The Phantom of the Opera (1998)
...or in the original Italian: Il Fantasma dell'opera (1998)
Directed by Dario Argento
Starring Julian Sands, Asia Argento & Andrea Di Stefano

This film has a bad reputation. It's Dario Argento's big flop, or so I'd
been led to believe. It's full of cock-ups and mis-steps, but frustratingly
there's a good film in there struggling to get out. If you can see past the
flaws, you might even catch a glimpse of it from time to time.

The first thing to realise is that it's a fantasy. One might expect a
typical Dario Argento movie or a costume drama set in 19th-century Paris,
but the film never appears to be straining for realism (historical or
otherwise). Its characters are silly caricatures, and I'm not just talking
about the almost universally terrible acting. Look at the Ratcatcher and
his dwarf. Look at their Ratmobile. I mean, honestly. My jaw hung slack
when that hit the screen; was this a whimsical Jean-Pierre Jeunet fantasy or
some Gilliam-written nonsense starring the Muppets? It would be easy just
to dismiss the Ratmobile as a hideous mistake, presumably the consequence of
Dario taking all the drugs in the world and then letting his trained chimps
loose on a million typewriters. However I think it's indicative of a
fantastic world that we're supposed to regard as equal parts historical fact
and Grimm's fairy tale.

Viewed in this light, all kinds of weird directorial choices fall into
place. Why does the Phantom have psychic powers? Because he does! Why has
Dario Argento made a Phantom of the Opera movie that feels like Batman
Returns? Because Tim Burton is the modern American fantasist supreme,
that's why. (I'm not kidding about the Batman Returns similarities, by the
way. After being abandoned as a baby like the Penguin, this Phantom will
swoop on to the stage like Batman and generally act like a superhero. He
even has superpowers: Reduce Air Temperature, Commune With Rats and Make
Murderous Surprise Attack From A Deep Well While Presumably Standing On Thin
Air.) Check out the grotesquely fat nudists at the bathhouse, an
anti-erotic touch which can only have been inserted for surrealism value.
(Personally I thought that was cool, actually.) Check out the daft
characters - the Ratcatcher, or the simpering aide to that fat Italian diva.
This is not a film that's aiming for realism.

The Phantom himself looks like a visual nod to Cocteau's 1946 La Belle et la
Bete, which is kinda appropriate since Phantom of the Opera is a variant on
the Beauty and the Beast story. (We'll overlook the fact that the Phantom's
supposed to be hideously disfigured.
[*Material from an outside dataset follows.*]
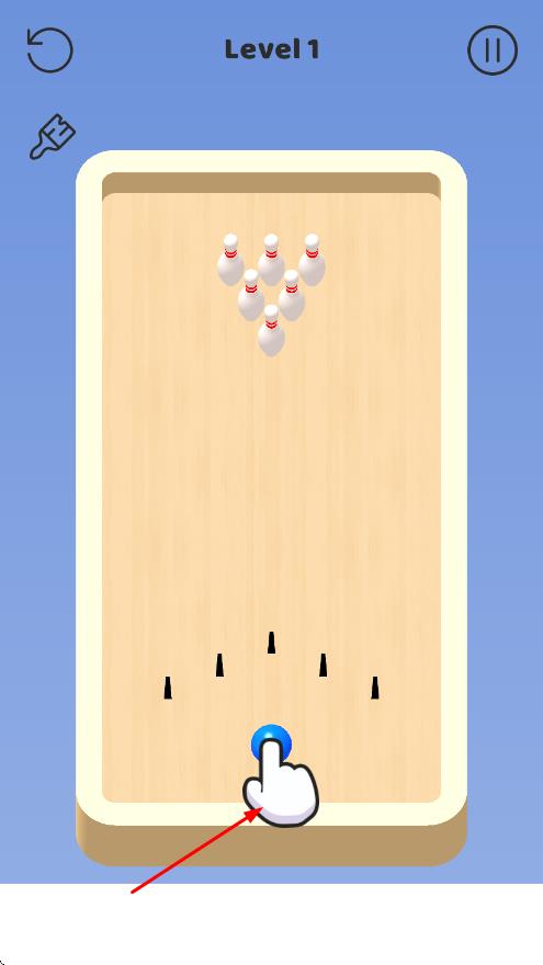 1、进入关卡后滑动屏幕瞄准球道,长按屏幕下方力度条蓄力,根据球道坡度与障碍物距离判断释放时机,松手投掷保龄球。

This one's downright handsome.)

I think to enjoy this film, you've got to forgive things like the Phantom's
rowboat. This is a boat in which you row while standing up, presumably
because the water coming through the bottom of a sewer-boat wouldn't be fun
to sit in. It looks good on the screen. However you're looking backwards
as you row, and anyone using it for the first time while navigating
treacherous underground tunnels would probably end up cracking his head like
a walnut. As Dad said when I made this point afterwards: "You're not
supposed to think about things like that."

Oh, and surely even the most curmudgeonly fantasy-hater would have to admit
that the rats are cool. The Phantom's relationship with them is an
interesting elaboration on the usual story, and I loved their reaction to
the Phantom's final fate. (Watch this movie and you too can see Asia
Argento and Andrea Di Stefano being out-acted by rodents!) If you try to
see the rats on a realistic level, you'll hate 'em. Seeing rats rescue a
little baby instead of eating its eyes out is an "Oh, please!" moment, but
in a way that opening sequence nicely mirrors the film's ending. As a fairy
tale, I think that works.

I liked the world of this film, which bears no particular resemblance to any
Paris that ever existed but looks nifty anyway. I liked the vignettes of
Parisian society at the opera. I liked the perversion, such as the nudists'
bathhouse and the paedophile chocolate-mongers. (At one point I even
wondered if the Phantom was about to have sex with a rat.)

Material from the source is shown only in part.